Some interesting bits and pieces at The Roses. Tomorrow (Sunday 31 October) at 19:30, it has Censor (2021), a new British horror set at the time of the video nasty scare of the 1980s. Anyway, if you are between 18-25, or prepared to say you are, I can probably get you in for nothing if you come at 18:00 and volunteer to join the Roses’s youth programming panel. I would do it. It’ll be interesting and worthwhile. Tell your children/grandchildren. I’ll be hanging around the foyer.

Otherwise, it’s £9.00 with the various concessions. As of today (Saturday), they seem to have sold 0 tickets, so don’t rush to book.

On Monday and Tuesday it has The Alpinist, an interesting but slightly bogus American documentary about a free climber (someone who clambers up terrifying mountains without ropes) and his domestic traumas. Not the best mountaineering film ever made, by a long way, but we are not exactly spoilt for choice this year.

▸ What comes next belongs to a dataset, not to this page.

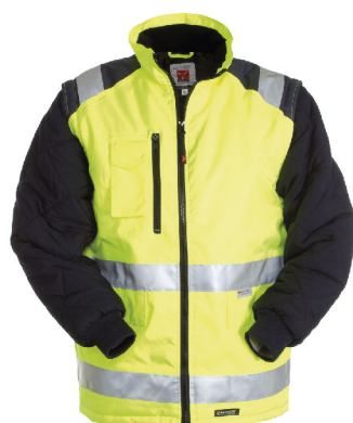
Giallo Fluo/Blu Navy

On Tuesday and Thursday, there is a French romantic comedy-drama, Gagarine (2020), about a young North African boy trying to save a grim housing estate in Paris named after, and opened by, the cosmonaut Yuri Gagarin back in the days when French local government was run by the Communist Party (they don’t like to talk about that now). It’s charming, although possibly a slightly sugar-coated account of modern inner-city life. Directed by Fanny Liatard, who wins my Name of the Week Award, and based on an earlier short: she was up for the First Feature award at Cannes in 2020, but it was cancelled due to Covid. If you don’t fancy the trip to Tewkesbury and the Roses (lovely venue), you can wait until Cheltenham Film Society shows it at the Bacon Theatre, next April.

Are you sure you know how to use a spirit level, Jean-Claude?

Cité Gagarine, meanwhile, is no more.

It’s not a film, but I couldn’t help noticing that on Thursday, 4 November, The Roses has a live talk by John Lydon, the former Johnny Rotten, billed as I Could Be Wrong; I Could Be Right. What he won’t be is poor. Tickets range from £30 to £75, this for a VIP package which includes ‘Meet & Greet’, a lanyard and a ‘limited edition art print’ by the wizened former punk-rocker, described as ‘a legend and an icon, a revolutionary and an immortal’.

I can remember when he wanted to destroy passers-by. Now he wants to mug them.